**WHAT IS BEING ASKED**.
All the lines below need to be transcribed exactly. Pictures get left out.

**EXERCISE DATA**.
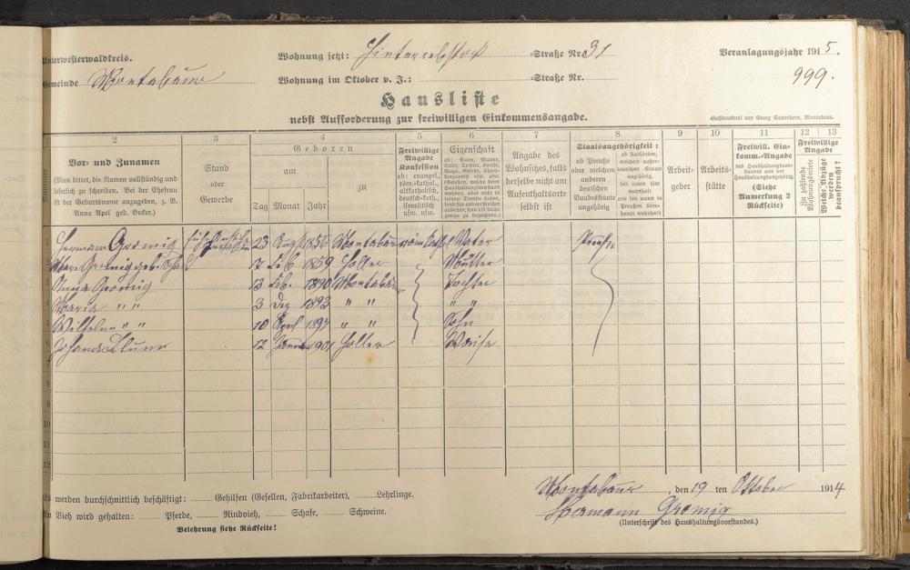 Haushaltsliste 1915, Band II., Abteilung 4, A 281
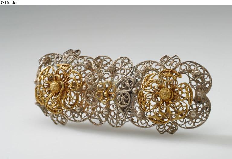 Filigree silverwork in various flower shapes with a convex upper side, the edges curved and jagged. Two multi-layered gold-plated rosettes on the left and right. In the middle a small rosette, framed by a filigree arch, around the rosette small silver beads. Under the needle hook.
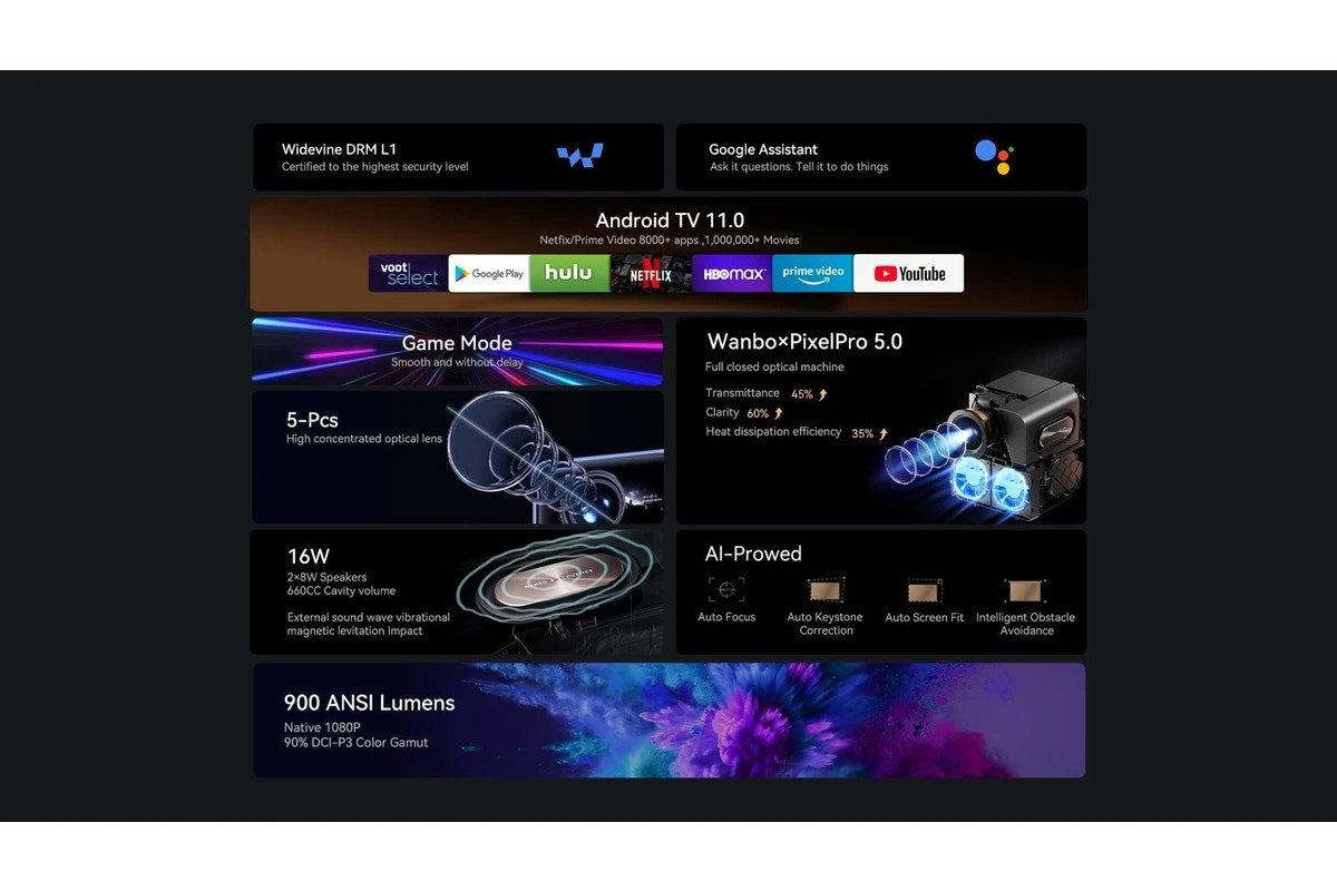 Enjoy cinema-quality viewing at home with the Wanbo Mozart 1 Pro Full HD Smart Projector. With sharp 1080p resolution and smart features, it’s perfect for movies, gaming and streaming anywhere.
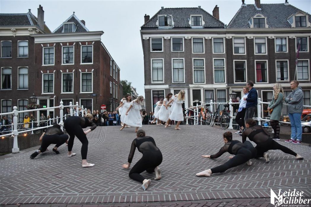 Op een van de bruggen op het Rapenburg werd ongeveer elk kwartier een korte balletvoorstelling gegeven.
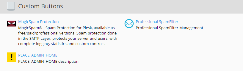 SECTION_ADMIN_TOOLS_MAIL- Mail sectionSECTION_ADMIN_TOOLS_PLESK- Plesk sectionSECTION_ADMIN_TOOLS_GENERAL- General Settings sectionSECTION_ADMIN_TOOLS_SECURITY- Security sectionSECTION_ADMIN_TOOLS_APPEARANCE- Plesk Appearance sectionSECTION_ADMIN_TOOLS_STATISTICS- Statistics sectionSECTION_ADMIN_TOOLS_APPS_AND_DBS- Applications & Databases sectionSECTION_ADMIN_TOOLS_EXTERNAL_SERVICES- External Services sectionSECTION_ADMIN_TOOLS_SERVER_MANAGEMENT- Server Management sectionSECTION_ADMIN_TOOLS_ADDITIONAL_SERVICES- Additional Services sectionSECTION_ADMIN_TOOLS_TOOLS_AND_RESOURCES- Tools & Resources sectionSECTION_ADMIN_TOOLS_TROUBLESHOOTING_BUTTONS- Assistance and Troubleshooting section
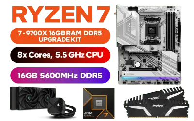 AMD RYZEN 7 9700X ASRock X870 PRO RS WIFI 16GB DDR5 5600MHz Upgrade Kit - ASRock X870 PRO RS WIFI AMD Ryzen Motherboard + AMD RYZEN 7 9700X 40MB GameCache Up to 5.5GHz CPU (OEM No Packaging) + Kingspec 16GB Kit (16GB x1) 5600MHz Gaming Memory + DeepCool LS520S Dark Zero Liquid CPU Cooler
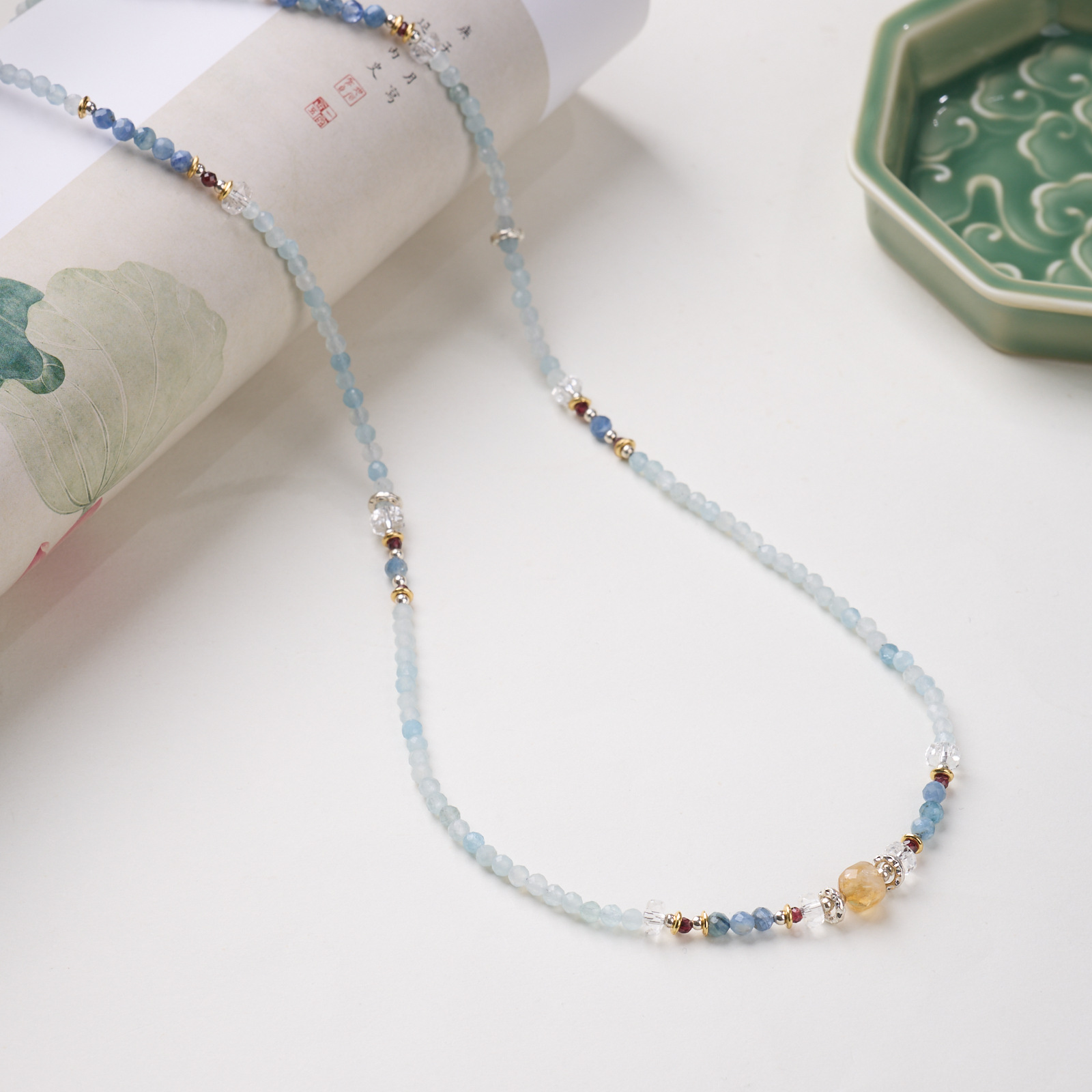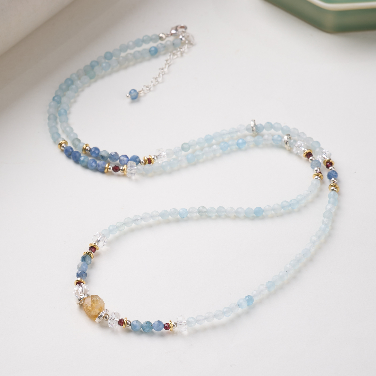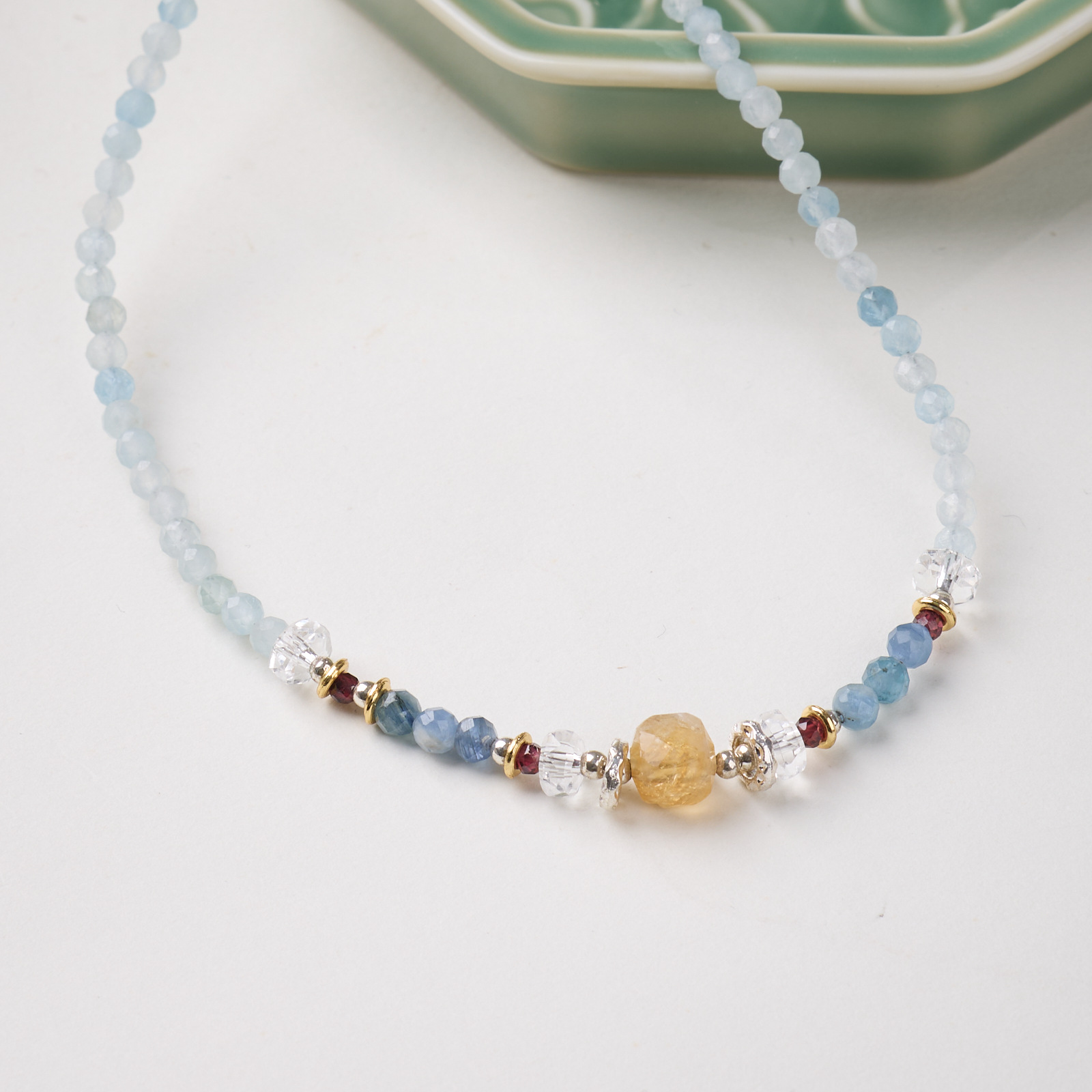 |主材|4MM黄水晶方切,蓝晶石,海蓝宝,石榴石,铜镀金配件等

**RESULT**.
 Haushaltsliste 1915, Band II., Abteilung 4, A 281
 Filigree silverwork in various flower shapes with a convex upper side, the edges curved and jagged. Two multi-layered gold-plated rosettes on the left and right. In the middle a small rosette, framed by a filigree arch, around the rosette small silver beads. Under the needle hook.
 Enjoy cinema-quality viewing at home with the Wanbo Mozart 1 Pro Full HD Smart Projector. With sharp 1080p resolution and smart features, it’s perfect for movies, gaming and streaming anywhere.
 Op een van de bruggen op het Rapenburg werd ongeveer elk kwartier een korte balletvoorstelling gegeven.
 SECTION_ADMIN_TOOLS_MAIL- Mail sectionSECTION_ADMIN_TOOLS_PLESK- Plesk sectionSECTION_ADMIN_TOOLS_GENERAL- General Settings sectionSECTION_ADMIN_TOOLS_SECURITY- Security sectionSECTION_ADMIN_TOOLS_APPEARANCE- Plesk Appearance sectionSECTION_ADMIN_TOOLS_STATISTICS- Statistics sectionSECTION_ADMIN_TOOLS_APPS_AND_DBS- Applications & Databases sectionSECTION_ADMIN_TOOLS_EXTERNAL_SERVICES- External Services sectionSECTION_ADMIN_TOOLS_SERVER_MANAGEMENT- Server Management sectionSECTION_ADMIN_TOOLS_ADDITIONAL_SERVICES- Additional Services sectionSECTION_ADMIN_TOOLS_TOOLS_AND_RESOURCES- Tools & Resources sectionSECTION_ADMIN_TOOLS_TROUBLESHOOTING_BUTTONS- Assistance and Troubleshooting section
 AMD RYZEN 7 9700X ASRock X870 PRO RS WIFI 16GB DDR5 5600MHz Upgrade Kit - ASRock X870 PRO RS WIFI AMD Ryzen Motherboard + AMD RYZEN 7 9700X 40MB GameCache Up to 5.5GHz CPU (OEM No Packaging) + Kingspec 16GB Kit (16GB x1) 5600MHz Gaming Memory + DeepCool LS520S Dark Zero Liquid CPU Cooler
 |主材|4MM黄水晶方切,蓝晶石,海蓝宝,石榴石,铜镀金配件等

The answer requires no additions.